This study identifies environmental and hormonal factors underlying the morphological colour change of crab spiders, an animal that shows reversible plasticity in its colouration. It also identified key biochemical metabolites produced during this change.

Environmental factors influencing reversible colour change: the role of background and light

Background colour was the external factor responsible for spider colour change under direct exposure to sunlight: spiders kept on white and yellow backgrounds changed in colour to match their environments over time. Other animals that can undergo reversible changes in colour (such as fish, reptiles, amphibians, crustaceans and cephalopods) are also known to exhibit background matching (Hanlon et al., 1999; Norris and Lowe, 1964; Stuart-Fox et al., 2008; Thurman, 1988; Whiteley et al., 2011).
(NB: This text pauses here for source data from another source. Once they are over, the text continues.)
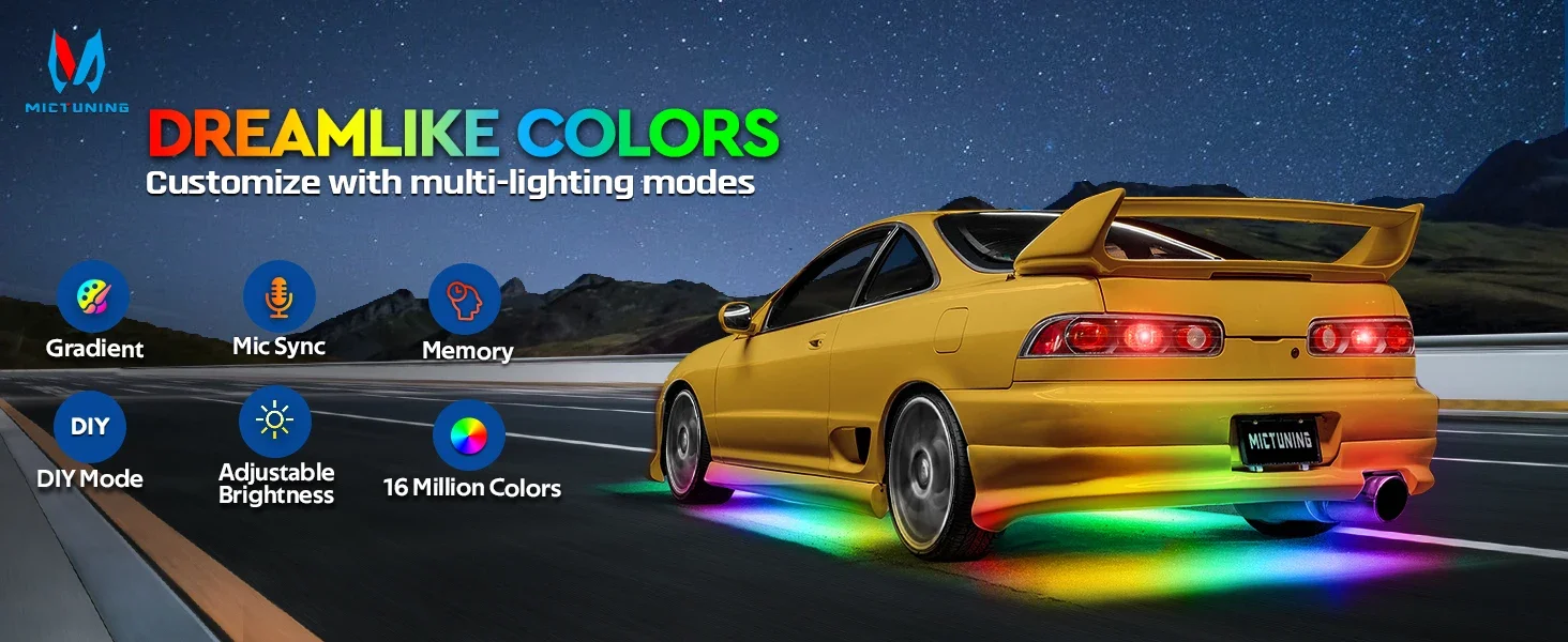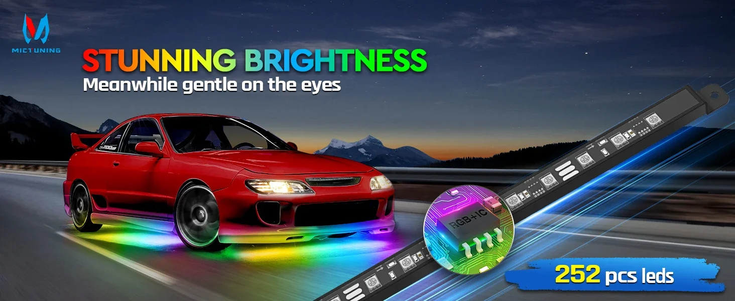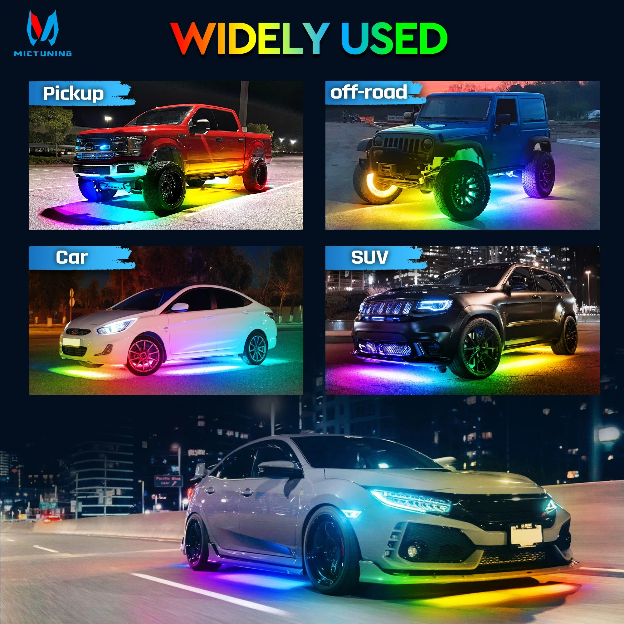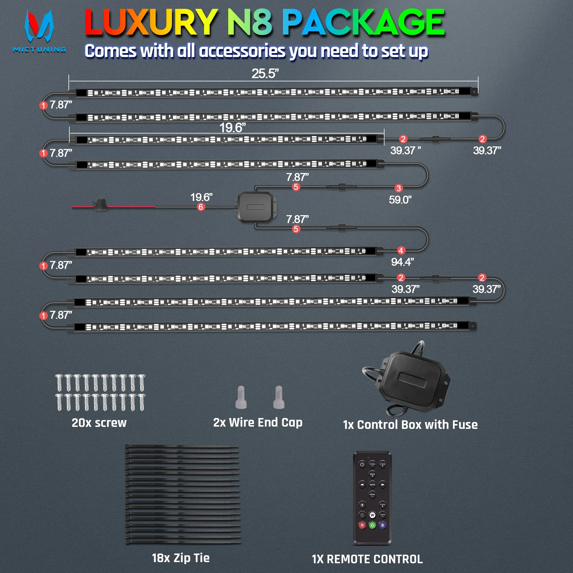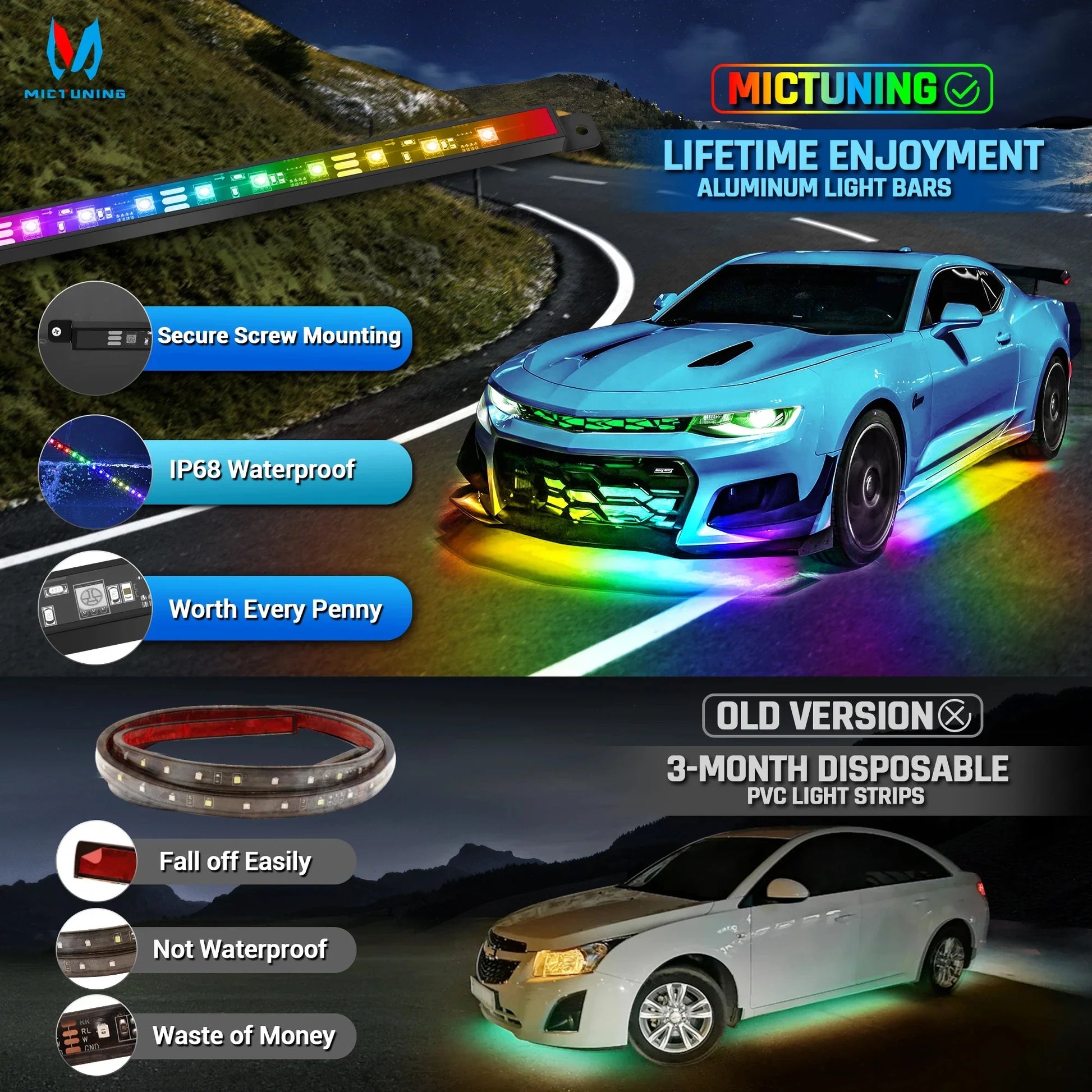 MICTUNING RGB+IC LED N8 Car Underglow Light Bar Kit Waterproof Wireless App & Remote Control For Cars Mercedes-Benz Rolls Royce
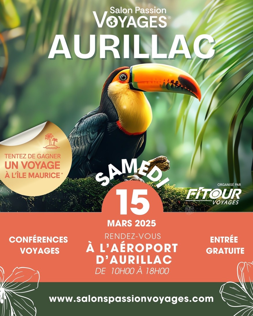 Le salon Passion Voyage de l'agence Fitour, s'installe ce samedi 15 mars à l'aéroport d'Aurillac. L'occasion de faire le point sur les destinations phares, de découvrir les nouvelles façons de voyager et de concrétiser ses envies d'évasion, le tout dans une ambiance conviviale et riche en échanges. Un avant-goût de vacances !
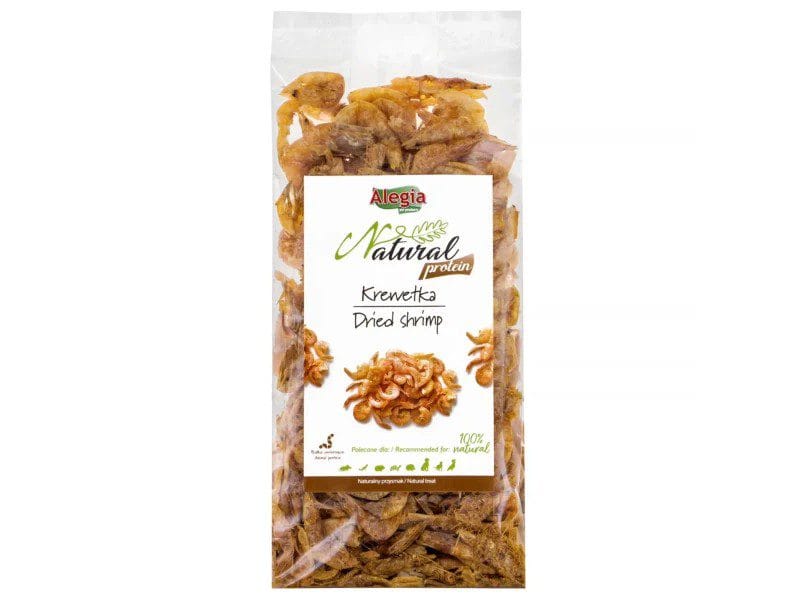 Natural Protein Krewetka Suszona to w pełni naturalny, wysokobiałkowy przysmak dla zwierząt mięsożernych i wszystkożernych. Stanowi cenne źródło łatwo przyswajalnego białka, kwasów tłuszczowych omega-3 oraz bogactwa mikro- i makroelementów wspierających prawidłowe funkcjonowanie organizmu. Produkt nie zawiera żadnych dodatków, konserwantów ani sztucznych barwników – to czysta natura w najczystszej postaci.

Background colour alone was not sufficient to trigger colour change in T. onustus under laboratory conditions: control spiders from the injection experiment that were also submitted to yellow background did not change colour over time under laboratory conditions. Spiders injected with the hormone also became whiter again 3 days after the experiment ended. This suggests that once the effect of the hormone injection had worn off, background colour alone was not sufficient for triggering the colour change towards yellow. This could also explain why some previous studies have not successfully manipulated colour change towards yellow in crab spiders under non-natural light conditions [either under laboratory (Théry, 2007) or greenhouse conditions (Gawryszewski et al., 2012)]. This second study found that spiders became whiter (a higher area under the reflectance curve between 400 and 500 nm) after 4 weeks of being submitted to different backgrounds (white and yellow), irrespective of the background on which they were initially placed [see supplementary material fig. S1 in Gawryszewski et al., 2012 (Gawryszewski et al., 2012)]. Melanin dispersion, the process causing skin darkening in the gecko Tarentola mauritanica, is triggered by both background colouration and surrounding illumination (see Vroonen et al., 2012). In the case of crab spiders, further work is needed to understand which other factors, together with background colour, trigger colour change towards yellow under natural conditions.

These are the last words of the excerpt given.